This example will provide a simplified code for copying data from one region of memory to another. For a real implementation please refer to the dma_example application in sw/applications/dma_example/main.c.

The objective of this app would be to copy the content of an array into another.


Start the application by calling

dma_init( NULL );

This will reset the DMA registers. The NULL parameter tells the HAL that the devices internal DMA is to be used.

The most basic implementation requires the creation of two targets and a transaction relating them both.

A target will include the information of the source or destination pointer and the characteristics of the expected transaction.

Theoretically, there is no required difference between a source and destination target. They will only be differentiated once the transaction is created. Eventually, they could be interchanged from one transaction to the next. In this example they will be given explicit names and will take different arguments for the sake of clarity.

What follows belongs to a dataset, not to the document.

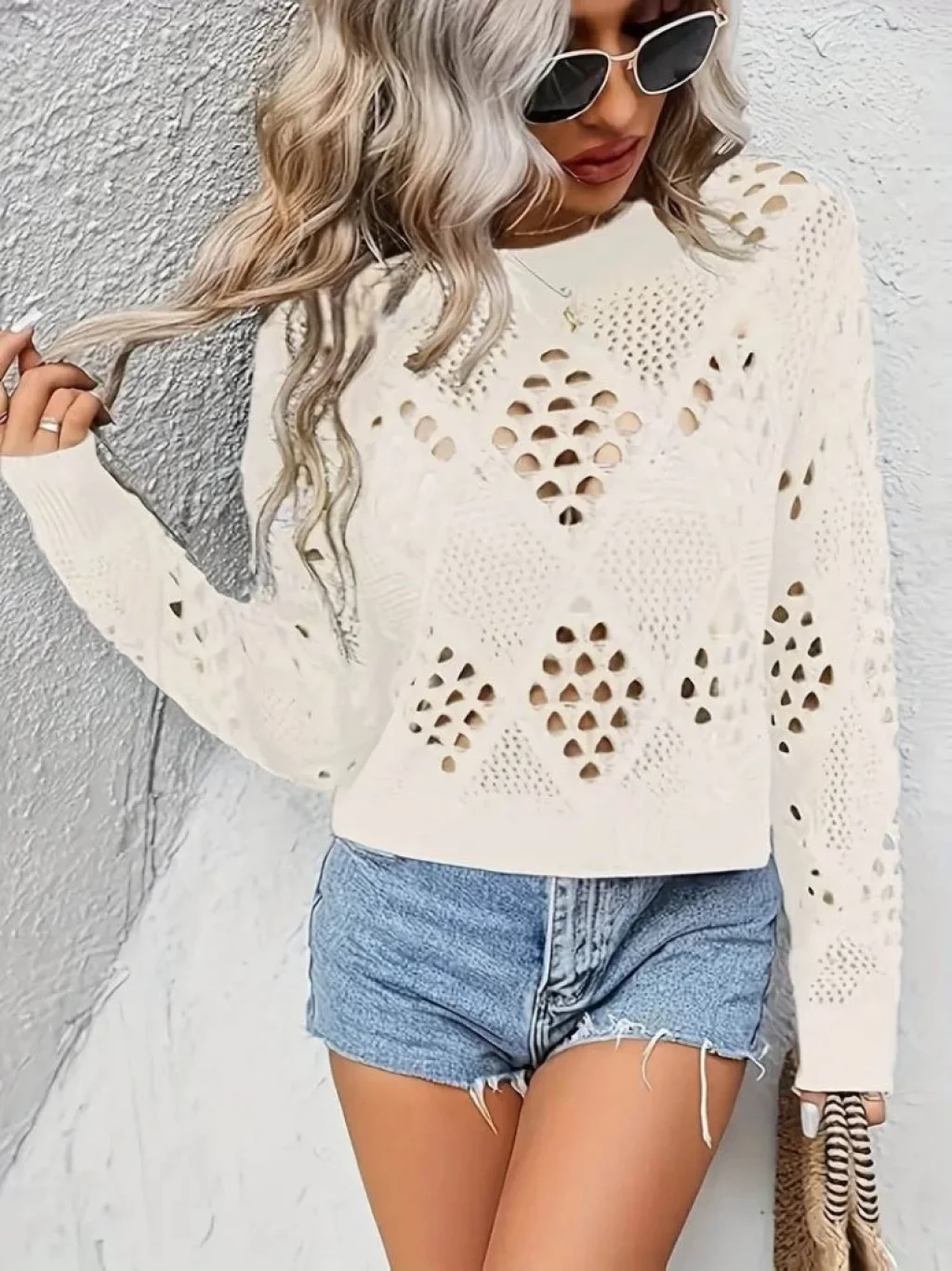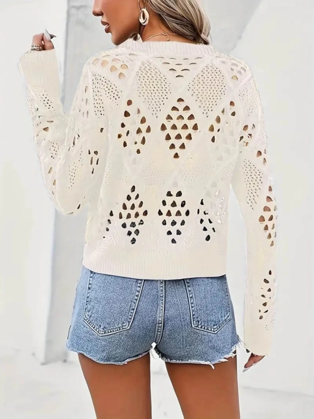 Kadın Uzun Kollu Yuvarlak Yaka Delik Desenli Triko Bluz

static dma_target_t tgt_src = {
                                .ptr        = copy_buffer,
                                .inc_du     = 1,
                                .size_du    = sizeof(copy_buffer),
                                };

Here, ptr = copy_buffer is a uint32_t pointer from where the information will be extracted. inc_du = 1 is telling the DMA that for each word copied, the pointer should be incremented by 1 unit, therefore words will be copied consecutively without gaps.

This configuration is implicitly initializing the rest of the target configurations as zero (as of C99). This means that:

  • No environment is set.

  • Data type is set to word (32-bits).

  • The trigger is set to memory (vs. a peripheral).

The destination target can also dispense of a size, as the source size will be used.

static dma_target_t tgt_dst = {
                                .ptr        = copy_buffer,
                                .inc_du     = 1,
                                };

Finally, a transaction is created to relate both targets:

static dma_trans_t trans = {
                            .src        = &tgt_src,
                            .dst        = &tgt_dst,
                            };

This will also imply some configurations set to zero:

  • Mode is set to singular (only one transaction will be executed).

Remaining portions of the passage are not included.